Your task: Restate the full listing word for word; images stay out of it.
━━━ Data ━━━
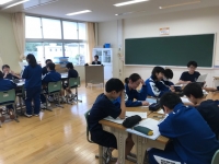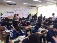 今日の4校時、3年3組で国語の授業研究が行われました。森鷗外の『高瀬舟』を読み、主人公・喜助の罪についての役人・庄兵衛の心の葛藤を、討論を通して深く掘り下げました。生徒達は根拠を明確にしながら、それぞれの意見を積極的に交流させ、考えを深めていきました。
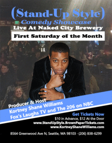 (Stand-Up Style) is a monthly comedy showcase that takes place the first weekend of every month at Naked City Brewery & Taphouse in Greenwood, Seattle.
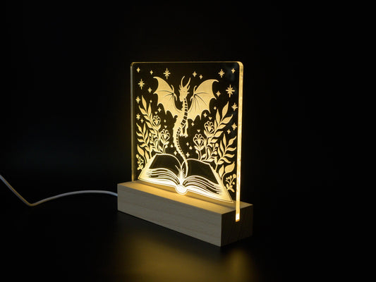 Book Dragon Lighted Sign: Fantasy Bookshelf Decor LED
━━━
Completed task:
 今日の4校時、3年3組で国語の授業研究が行われました。森鷗外の『高瀬舟』を読み、主人公・喜助の罪についての役人・庄兵衛の心の葛藤を、討論を通して深く掘り下げました。生徒達は根拠を明確にしながら、それぞれの意見を積極的に交流させ、考えを深めていきました。
 (Stand-Up Style) is a monthly comedy showcase that takes place the first weekend of every month at Naked City Brewery & Taphouse in Greenwood, Seattle.
 Book Dragon Lighted Sign: Fantasy Bookshelf Decor LED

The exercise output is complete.